One of the earliest attempts to use neural network for gene prediction is made in 1991, GRAIL (gene recognition and analysis internet link). GRAIL is available in two versions: GRAIL-I [21] and GRAIL-II [22]. In GRAIL-I a multilayer feed-forward neural network is used, which receives input from seven statistical measures taken on a 99-base window. In this system sensor algorithms are used to derive the seven inputs. The main problem with this technique is that it predicts large exons while misses a large number of short exons.

A similar system [23] to GRAIL came in 1993. A program named GeneParser is described in [24], which is used to predict protein genes in genomic DNA sequences [25]. This program makes use of content statistics as well as site statistics to predict exons, introns, and their boundaries. Here both single and multilayer neural networks are used to combine information from these statistics and database search information. Here a recursive optimization procedure based on dynamic programming is used to find the most probable combinations of exon and introns. The dynamic programming algorithm used in this system has enforced some syntactical constraints on gene structures. The main intention behind the development of GeneParser is error tolerance. The performance of the program is better than similar programs developed in meanwhile.

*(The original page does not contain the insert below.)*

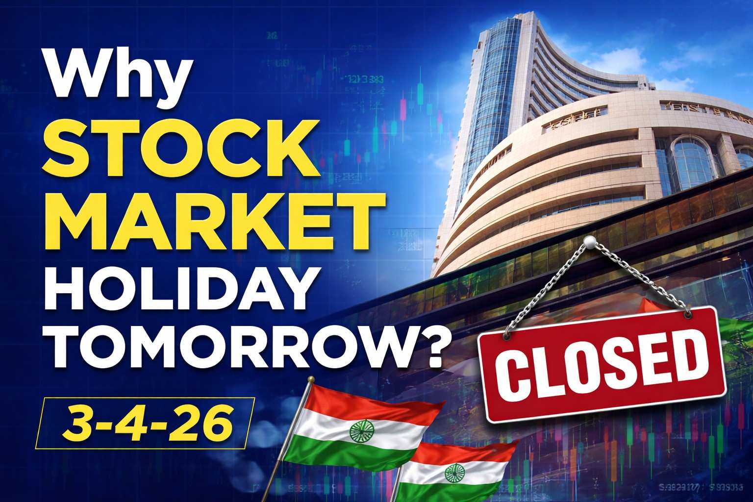 If you are searching why the stock market is closed tomorrow, here is the exact reason. The Indian stock market will remain closed on 3 April 2026 due to the Good Friday holiday. You can also review the detailed breakdown of the Stock Market Prediction for Tomorrow (2 April 2026): Nifty & Sensex Outlook, Support & Resistance Levels.

A new version of GRAIL is developed in 1994. In this system, modifications are made in GRAIL-I to improve its performance. Although GRAIL-II can be used for protein-coding region recognition, PolyA site and transcription promoter recognition, gene model construction, translation to protein, and DNA/protein database searching capabilities, in this paper only the exon recognition and gene construction capabilities are discussed. In GRAIL-II variable-length windows are used to find the locations of introns and exons. This technique solves the problem of missing shorter exons by allowing it to examine all possible exons rather than just those in the sliding window. The gene-modeling module of this system uses a dynamic programming algorithm to form a single gene model from exon candidates by applying some constraints.

A further attempt to improve the performance of GRAIL-I was made in 1995. A system named CODEX was developed. The system [26] was developed with the intention to predict exons precisely in plant sequences. This system takes same inputs as taken by GRAIL-I. Unlike GRAIL-I it uses a series of neural networks for the classification task. The CODEX system predicts the location of coding regions by examining the output of the combination of five neural networks. The performance of the technique is much better in predicting the base positions at which an exon starts or ends. The technique helps in reducing the number of false predictions but it classifies some sequences as do not know.

GRAIL has evolved by the time it started in 1991. An improved version of GRAIL came in 1996, which uses a multiagent neural network system to recognize coding regions [27]. The system uses indel detection and correction algorithm to improve the prediction results.

Many gene prediction techniques utilize homology information, which helps in improving the prediction results. In the latest version of Grail, homology information has been incorporated. The new system resulted in improved performance and named as GrailExp [28]. A computational gene prediction system GIN (gene identification using neural nets and homology information) was developed in 1998 to avoid false positive predictions. The technique combines homology information from protein and expressed sequence tag databases into back-propagation neural network [29]. The program can recognize multiple genes within genomic DNA. GIN performs better than other methods (e.g., GeneID+ [30] or GeneParser3 [24]) that make use of homology information to predict genes. The performance of the system is better than GENSCAN [31] in gene level accuracy. This technique does not work well in the absence of homology information.

A system for predicting protein-coding regions based on single-nucleotide frequencies at three codon positions in ORFs and the redundancy of the entropy was developed in 2003. The system [32] is specifically designed to predict protein-coding regions in yeast genomes. Here a multilayer feed-forward artificial neural network (MLFANN) method is developed which takes as an input a 12-dimensional vector obtained from DNA sequence. The input ORFs from six different classes are trained and evaluated separately. The system predicts ORFs with 96% accuracy. The method is based on the assumption that coding sequence in 1st-class ORFs has similar statistical properties to those coding for 2nd–6th-class ORFs.

Most of the gene prediction programs developed during 90s are based on a single model to represent protein-coding regions in a genome and unable to predict genes that have atypical sequence composition. A system mainly developed for prokaryotes, based on self-organizing map [33], was developed in 2004 to identify multiple gene models within a genome. The system RescueNet [34] is developed specifically to deal with intragenomic compositional variations. The system makes use of relative synonymous codon usage (RSCU) as a measure of protein-coding potential. RescueNet predicts some genes that are not predicted by other methods and promising results can be obtained if the method is used in conjunction with other gene prediction programs. The program is able to find the general location of frameshifts within a large sequence. The main problem with this method is that it is not able to predict most start and stop sites exactly.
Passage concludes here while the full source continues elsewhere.